MyNixOS website logo
Description

Gaussian Processes for Estimating Causal Exposure Response Curves.

Provides a non-parametric Bayesian framework based on Gaussian process priors for estimating causal effects of a continuous exposure and detecting change points in the causal exposure response curves using observational data. Ren, B., Wu, X., Braun, D., Pillai, N., & Dominici, F.(2021). "Bayesian modeling for exposure response curve via gaussian processes: Causal effects of exposure to air pollution on health outcomes." arXiv preprint <doi:10.48550/arXiv.2105.03454>.

Cover Image

CRAN Package Version JOSS Status R-CMD-check status Codecov CRAN RStudio Mirror Downloads

Gaussian processes for the estimation of causal exposure-response curves (GP-CERF)

Summary

Gaussian Process (GP) and nearest neighbor Gaussian Process (nnGP) approaches for nonparametric modeling.

Installation

library("devtools")
install_github("NSAPH-Software/GPCERF", ref="develop")
library("GPCERF")

Usage

Note: The following examples will also need installing ranger R package.

GP

library(GPCERF)
set.seed(781)
sim_data <- generate_synthetic_data(sample_size = 500, gps_spec = 1)

n_core <- 1

m_xgboost <- function(nthread = n_core, ...) {
  SuperLearner::SL.xgboost(nthread = nthread, ...)
}

m_ranger <- function(num.threads = n_core, ...){
  SuperLearner::SL.ranger(num.threads = num.threads, ...)
}

# Estimate GPS function
gps_m <- estimate_gps(cov_mt = sim_data[,-(1:2)],
                      w_all = sim_data$treat,
                      sl_lib = c("m_xgboost", "m_ranger"),
                      dnorm_log = TRUE)

# exposure values
q1 <- stats::quantile(sim_data$treat, 0.05)
q2 <- stats::quantile(sim_data$treat, 0.95)

w_all <- seq(q1, q2, 1)

params_lst <- list(alpha = 10 ^ seq(-2, 2, length.out = 10),
                   beta = 10 ^ seq(-2, 2, length.out = 10),
                   g_sigma = c(0.1, 1, 10),
                   tune_app = "all")

cerf_gp_obj <- estimate_cerf_gp(sim_data,
                                w_all,
                                gps_m,
                                params = params_lst,
                                outcome_col = "Y",
                                treatment_col = "treat",
                                covariates_col = paste0("cf", seq(1,6)),
                                nthread = n_core)
summary(cerf_gp_obj)
plot(cerf_gp_obj)
GPCERF standard Gaussian grocess exposure response function object

Optimal hyper parameters(#trial: 300): 
  alpha = 12.9154966501488   beta = 12.9154966501488   g_sigma = 0.1

Optimal covariate balance: 
  cf1 = 0.069 
  cf2 = 0.082 
  cf3 = 0.063 
  cf4 = 0.066 
  cf5 = 0.056 
  cf6 = 0.081

Original covariate balance: 
  cf1 = 0.222 
  cf2 = 0.112 
  cf3 = 0.175 
  cf4 = 0.318 
  cf5 = 0.198 
  cf6 = 0.257
            ----***----      

nnGP

set.seed(781)
sim_data <- generate_synthetic_data(sample_size = 5000, gps_spec = 1)

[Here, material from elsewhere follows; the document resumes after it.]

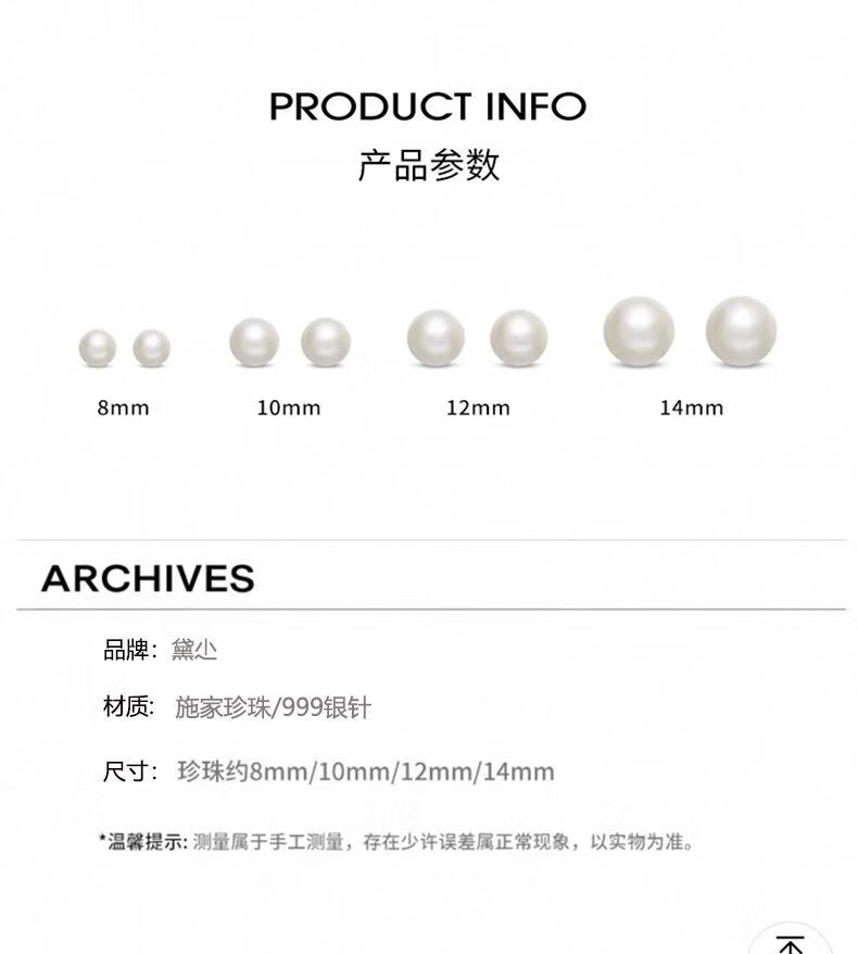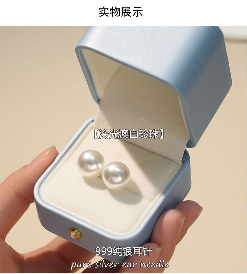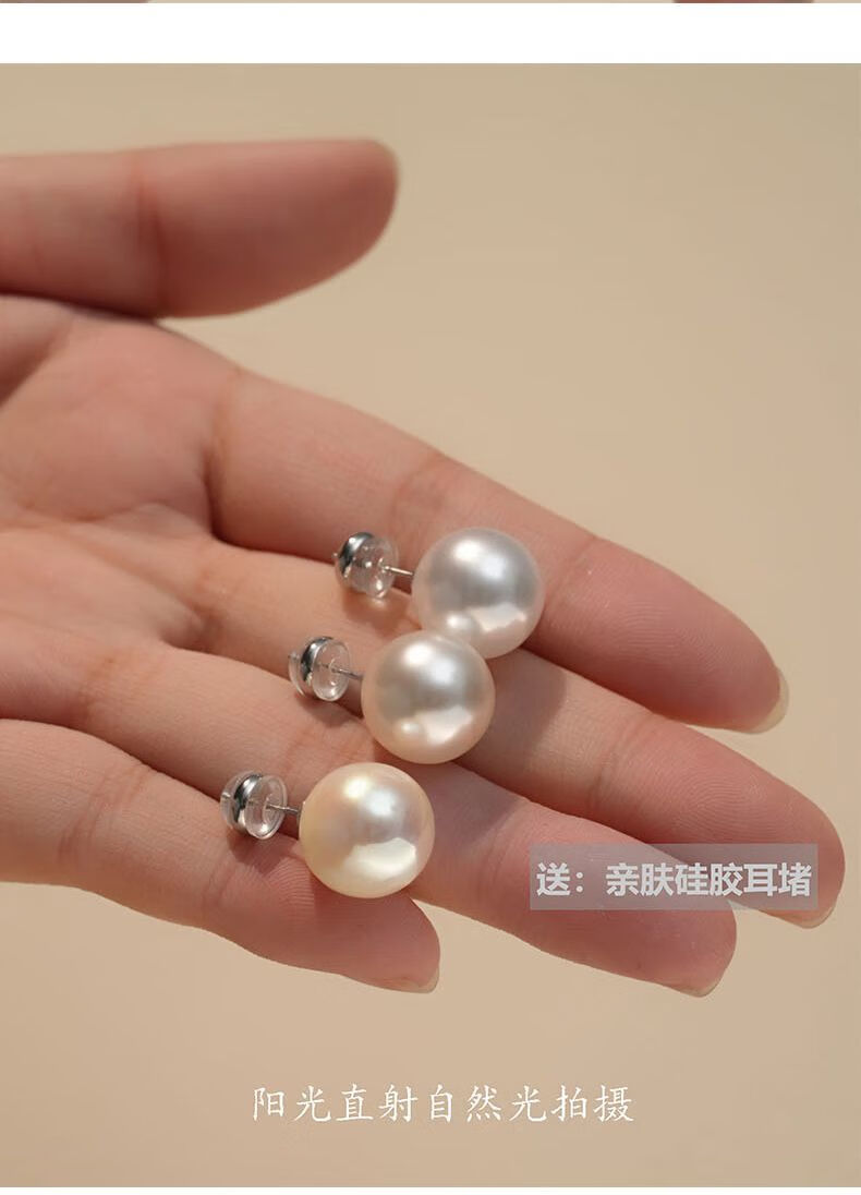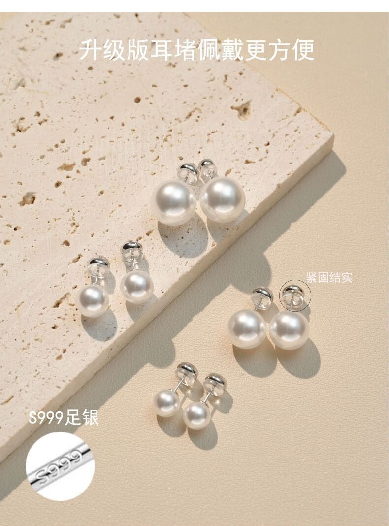 Fever same style pearl earrings 999 sterling silver Shijia earrings 2025 new hot style high-end light luxury round earrings satin cold white light + 999 pure silver 10mm pair one pair

m_xgboost <- function(nthread = 12, ...) {
  SuperLearner::SL.xgboost(nthread = nthread, ...)
}

m_ranger <- function(num.threads = 12, ...){
  SuperLearner::SL.ranger(num.threads = num.threads, ...)
}

# Estimate GPS function
gps_m <- estimate_gps(cov_mt = sim_data[,-(1:2)],
                      w_all = sim_data$treat,
                      sl_lib = c("m_xgboost", "m_ranger"),
                      dnorm_log = TRUE)

# exposure values
q1 <- stats::quantile(sim_data$treat, 0.05)
q2 <- stats::quantile(sim_data$treat, 0.95)

w_all <- seq(q1, q2, 1)


params_lst <- list(alpha = 10 ^ seq(-2, 2, length.out = 10),
                   beta = 10 ^ seq(-2, 2, length.out = 10),
                   g_sigma = c(0.1, 1, 10),
                   tune_app = "all",
                   n_neighbor = 50,
                   block_size = 1e3)

cerf_nngp_obj <- estimate_cerf_nngp(sim_data,
                                    w_all,
                                    gps_m,
                                    params = params_lst,
                                    outcome_col = "Y",
                                    treatment_col = "treat",
                                    covariates_col = paste0("cf", seq(1,6)),
                                    nthread = 12)
summary(cerf_nngp_obj)
plot(cerf_nngp_obj)
GPCERF nearest neighbore Gaussian process exposure response function object summary

Optimal hyper parameters(#trial: 300): 
  alpha = 0.0278255940220712   beta = 0.215443469003188   g_sigma = 0.1

Optimal covariate balance: 
  cf1 = 0.062 
  cf2 = 0.070 
  cf3 = 0.091 
  cf4 = 0.062 
  cf5 = 0.076 
  cf6 = 0.088

Original covariate balance: 
  cf1 = 0.115 
  cf2 = 0.137 
  cf3 = 0.145 
  cf4 = 0.296 
  cf5 = 0.208 
  cf6 = 0.225
            ----***----                       

Code of Conduct

Please note that the GPCERF project is released with a Contributor Code of Conduct. By contributing to this project, you agree to abide by its terms.

Contributing

Contributions to the package are encouraged. For detailed information on how to contribute, please refer to the CONTRIBUTING guidelines.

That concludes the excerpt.